Twilight frowned and sighed. She looked at Rarity. «Trotland is pretty far away.»

Rarity looked back. «Five weeks, though?»

«What’s Scootaloo say?» She looked back and forth between the two mares.

«She’s gone, too,” said Rarity. «I checked when I was in Canterlot this weekend. The Weather Office said she’d been recalled to Cloudsdale.» She sighed. «I sent a letter, but I haven’t heard back yet.»

Twilight felt her eyebrows arch up. «All three of the Cutie Mark Crusaders are missing? »

The other two mares shrugged.

Twilight sighed. «I’ll ask Princess Celestia to send a diplomatic pouch to Trotland and ask them to make a welfare check on Sweetie Belle and Apple Bloom.» She smiled wryly. «You know it’ll probably embarrass the poor fillies half to death to have an Ambassador personally check on them.»

«Then they should have written, shouldn’t they?» Rarity said calmly. She relaxed a bit at knowing at least something was being done.

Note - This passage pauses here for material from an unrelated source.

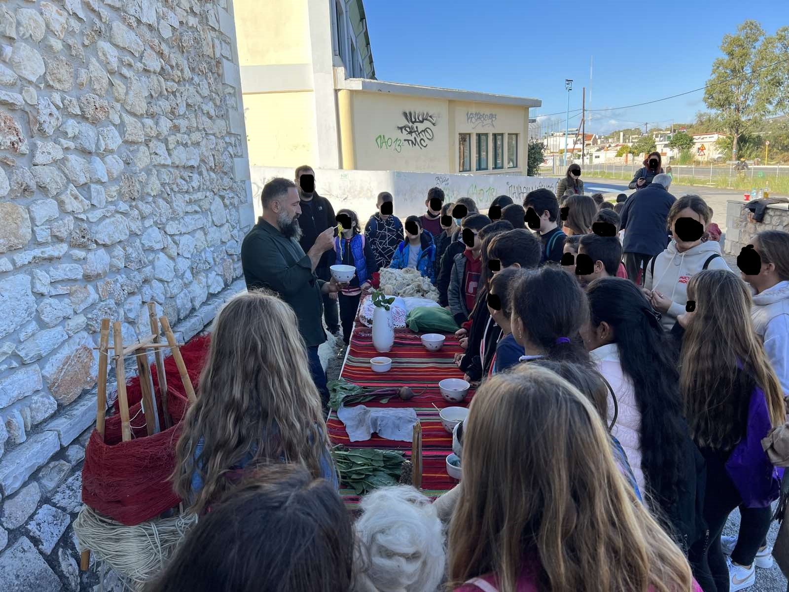 Κατά τη διάρκεια των Εκπαιδευτικών Επισκέψεων (Τρίτη 22 και Παρασκευή 25 Νοεμβρίου 2022) μαθητές και εκπαιδευτικοί από τέσσερις σχολικές μονάδες, και συγκεκριμένα από τα Νηπιαγωγεία Βαρυπέτρου και Αλικιανού, την Έκτη Τάξη του Δημοτικού Σχολείου Κολυμβαρίου, καθώς και την Τρίτη και Τετάρτη Τάξη του 3ου Δημοτικού Σχολείου Κισάμου, παρακολούθησαν την παραδοσιακή διαδικασία δημιουργίας και κατεργασίας νήματος από μαλλί προβάτων ως βιώσιμου κλωστοϋφαντουργικού προϊόντος από τον Πρόεδρο του Πολιτιστικού Συλλόγου κ. Φραγκιαδάκη Ηλία.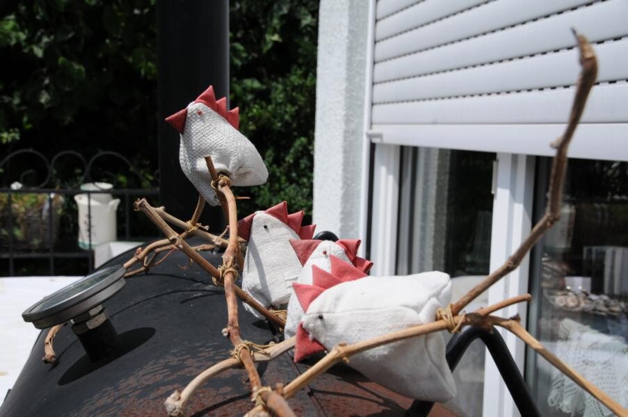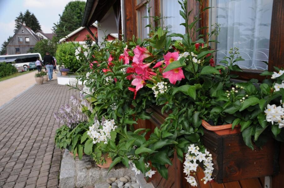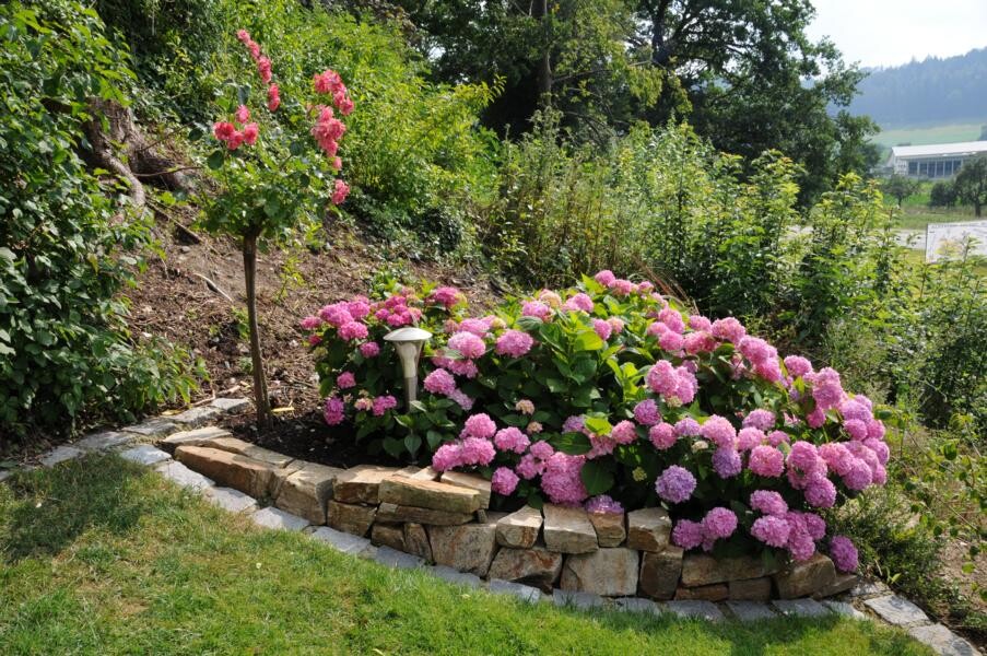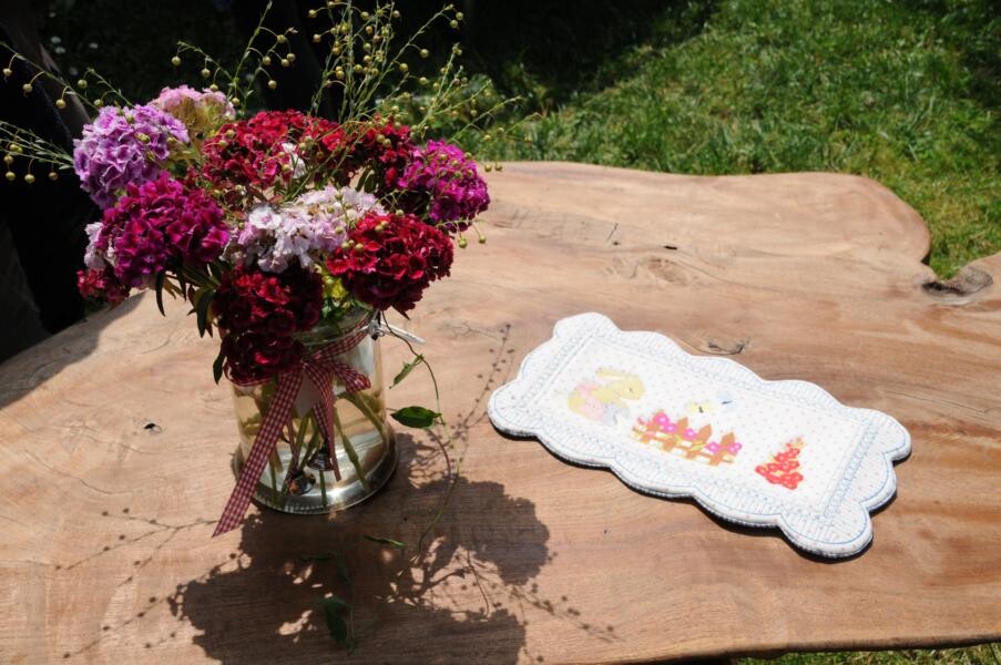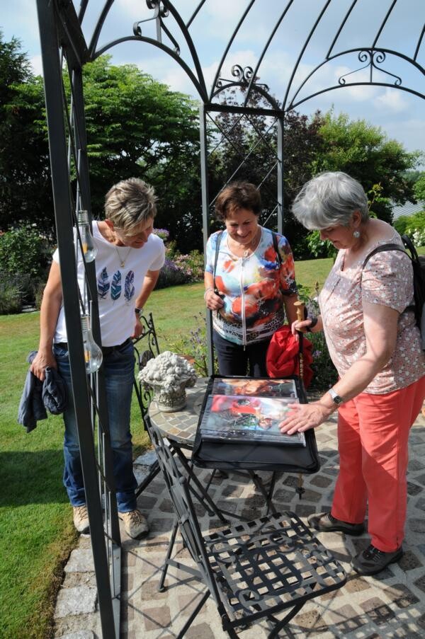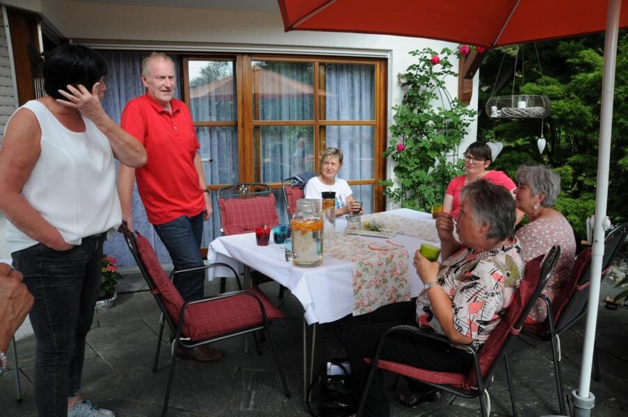 Eine wahre Idylle haben sich auch Petra und Gerhard Knaus geschaffen. Das alte Bauernhaus wurde zum Wohnhaus umgaubt, das Grundstück zum Wohlfühlgarten. Hohe Bäume spenden Schatten und Blumen aller Art dürfen wachsen. Gerhard Knaus sagt selbst, dass wachsen darf, was will, wobei die regelmäßige Pflege unverkennbar ist. Hier eine Wildblumenmischung, dort die Tomaten, die vom vergangenen Jahr wieder aussamen. Es gibt Hingucker an jeder Ecke. Wunderschön ergänzt durch die zahlreichen Patchwork-Arbeiten der Hausherrin. Und in der Hängematte der Kinder ruht sich auch gern die ein oder andere Teilnehmerin aus.

«Why don’t you, » the purple alicorn said to Applejack, «send another round of letters just to confirm they don’t know anything? Send it express.» She took a deep breath and let it out slowly. «And I’ll ask Dash to find out what’s going on with Scootaloo.»

She looked back at her friends. «In two weeks we should have some definitive answers about the fillies.»

The other two exchanged relieved looks.

After several minutes’ silence, Rarity said, «Well, I don’t know about you two, but I’m feeling more than a little frazzled. How about we visit the Ponyville Spa? My treat?»